My adoptive father has always been very supportive of my desire to find my birth parents. I could never even imagine what I would do if I did happen to meet them. I really never wanted to have any sort of ongoing relationship with them, because that would just be weird. I feel that what I want most out of this endeavor is to see my face in theirs. It would be so satisfying for me to see the very two faces that created mine. I could finally pinpoint the cause of my stubby fingers. I would actually have the opportunity to hear the real story.
Basically, I went all of my life thinking that the only way this would really happen is if they come to me, or I went on the Montel show, and had him do the work for me. Both of those scenarios, I realized were, most likely, not ever going to happen. So, around the time of May of last year, I took the first steps.
I did some research and was able get in touch with a woman named Debra, at the Division of Youth and Family Services (DYFS), here in Trenton. This is the headquarters of the adoption agency that handled my adoption. Debra provided me with all the information I needed to begin this process. The first step was to get my name on the national adoption registry, which is list of birth parents looking for their children and vice-versa. As soon as both parties are on the list, DYFS can then contact each party and provide them with the information of the other.
Prior to being added to the adoption registry, the only information Debra was authorized to give me was that my birth mother had been on the registry since 1990. This was absolutely shocking to me, so I quickly completed the application and got myself on that registry. About a month went by and I received an e-mail from Debra containing the address of my birth mother in Rajkot, India.

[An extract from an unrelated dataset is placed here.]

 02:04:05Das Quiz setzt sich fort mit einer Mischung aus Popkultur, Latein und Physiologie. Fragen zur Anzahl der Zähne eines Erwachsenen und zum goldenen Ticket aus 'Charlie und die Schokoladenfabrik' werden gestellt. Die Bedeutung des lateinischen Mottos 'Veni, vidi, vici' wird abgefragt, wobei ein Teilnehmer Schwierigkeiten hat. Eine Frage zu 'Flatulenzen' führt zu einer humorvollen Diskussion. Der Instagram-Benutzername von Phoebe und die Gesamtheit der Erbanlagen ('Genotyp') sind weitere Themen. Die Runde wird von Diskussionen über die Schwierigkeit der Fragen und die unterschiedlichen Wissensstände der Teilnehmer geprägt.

While Debra was very excited for me to contact my mother, I suddenly became unsure of the situation. Sure, I had waited twenty-one years for this information, but I was afraid to pursue it on my own. Debra offered to attempt to contact her for me, and without any hesitation, I consented. She went ahead and sent a letter to India with my current contact information. Months went by with no response or any indication of receipt. Eventually I put it to the back of my mind while I began to prepare for the fall semester.
It was about the last day in August when I woke up to find several missed calls from an especially strange phone number. Oddly, the phone calls occurred in the early hours of the morning, between 1:30 am to 4:30 am. Surprisingly, they left a voicemail.

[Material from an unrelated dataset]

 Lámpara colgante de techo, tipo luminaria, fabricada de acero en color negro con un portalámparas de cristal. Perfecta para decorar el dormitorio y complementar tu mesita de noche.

I never thought, in my wildest dreams that I would ever be so frightened as a result of listening to a voicemail. “Hello, this is Ms. George calling from India… please call at…” For the first time in my life, I was legitimately scared. This event certainly stopped me in my tracks and filled me with more emotion than I had ever felt before.

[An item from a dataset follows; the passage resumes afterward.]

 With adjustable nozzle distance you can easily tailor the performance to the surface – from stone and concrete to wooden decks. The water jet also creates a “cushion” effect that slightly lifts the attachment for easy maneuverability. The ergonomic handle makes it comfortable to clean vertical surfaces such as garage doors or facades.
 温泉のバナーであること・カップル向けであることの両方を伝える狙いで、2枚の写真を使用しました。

I’m not a very emotional person, and when I am, I just suppress it, or, if anything, I’ll use anger to express emotion. But, this time, it was a different kind of emotion. For some reason, this time, I couldn’t suppress it, nor could I get angry about it. Instead, I was filled with an unexplainable fear. I’m never afraid of anything, which causes an abundant amount of problems in my life, yet, this event was so powerful it scared me.
For a few days, I walked around in a daze of uncertainty. It was so simple for my family and friends to tell me to just call her back. Maybe I was just not as ready as I thought I was for this awkward situation. Mostly, I think the problem is that I never imagined meeting her on the phone. I always thought that I would just meet them in person, or even exchange letters and pictures through the mail which would then lead to the phone call. I still have not called her back.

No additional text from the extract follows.